Die Europäische Organisation für Kernforschung (CERN) wird im Laufe des Jahres die Zusammenarbeit mit Hunderten von Wissenschaftlern einstellen, die Verbindungen zu Russland haben, erklärte der Sprecher des Labors, Arnaud Marsollier, am Dienstag gegenüber RIA Nowosti.
Das CERN betreibt den 27 Kilometer langen Großen Hadronen-Speicherring (englisch: Large Hadron Collider, LHC), der unter Beteiligung von Physikern aus vielen Ländern, darunter auch Russland, gebaut und 2010 in Betrieb genommen wurde. Er hat es Wissenschaftlern ermöglicht, die Existenz des Higgs-Bosons zu bestätigen, eines Teilchens, das anderen Teilchen wie Elektronen und Quarks Masse verleiht.
Der Status Russlands als CERN-Beobachterland wurde im März 2022 als Reaktion auf den Beginn der Moskauer Militäroperation in der Ukraine ausgesetzt. Einige Monate später entschied sich das in der Schweiz ansässige Labor gegen eine Verlängerung des Kooperationsabkommens mit Russland und erklärte, dass es sich an alle internationalen Sanktionen halten werde, die wegen des Konflikts gegen Moskau verhängt wurden.
Das bestehende Kooperationsabkommen mit Russland läuft am 30. November aus, so Marsollier.
“Im Moment haben wir weniger als 500 Spezialisten, die noch mit einer russischen Organisation verbunden sind”,
fügte er hinzu und erklärte, dass diese nach dem Auslaufen des Abkommens nicht mehr am CERN arbeiten können.
Marsollier wies darauf hin, dass das Labor in Meyrin, einem Vorort von Genf, nicht mehr von Russland finanziert wird.
“Wir bereiten uns darauf vor, dass andere Gruppen in Zukunft Aufgaben am Large Hadron Collider übernehmen können.”
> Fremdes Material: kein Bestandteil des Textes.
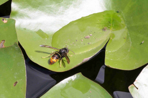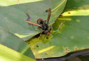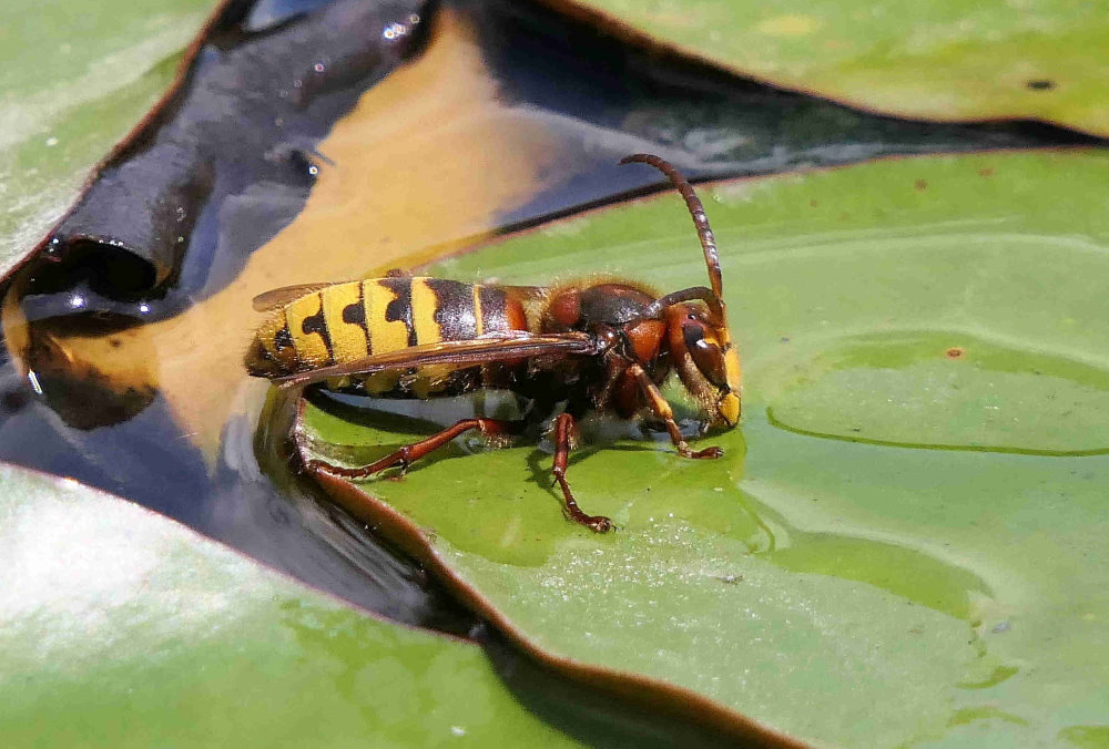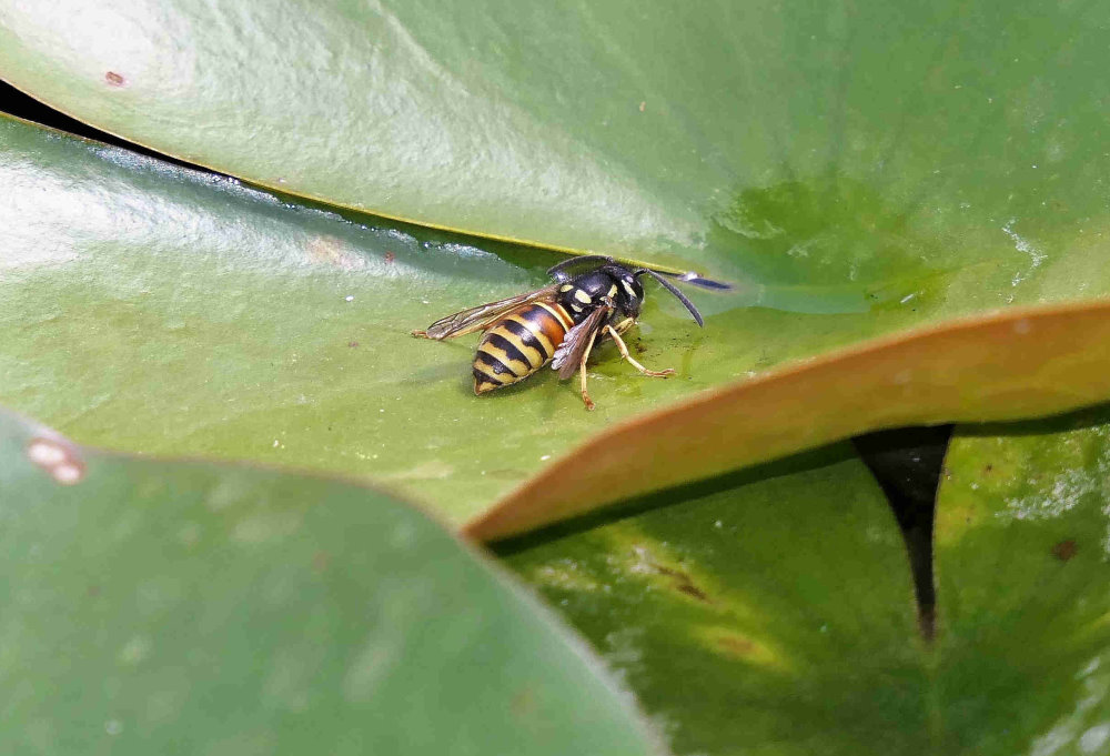 Natürlich nutzen die heimischen Wespenarten ebenfalls das kühle Nass ...

Die Unterbrechung der Zusammenarbeit zwischen Russland und dem CERN wird “die Entwicklung der Wissenschaft” überall auf der Welt verlangsamen, sagte Pawel Logatschow, der Leiter des Budker-Instituts für Kernphysik der Sibirischen Abteilung der Russischen Akademie der Wissenschaften, am Dienstag gegenüber TASS. Das Zerwürfnis zwischen Moskau und dem Westen wirkt sich auf die Wissenschaft genauso aus wie auf die Weltwirtschaft, erklärte er.
Logatschow sagte, die Verantwortlichen des CERN seien selbst “nicht glücklich mit der Situation, aber sie haben keine andere Wahl, da sie abhängig sind”.
Der Verlust des Zugangs zum Large Hadron Collider werde für die russischen Wissenschaftler “keine Tragödie” sein, da sie “zu Hause viele wichtige und interessante Dinge zu tun haben”, erläuterte er.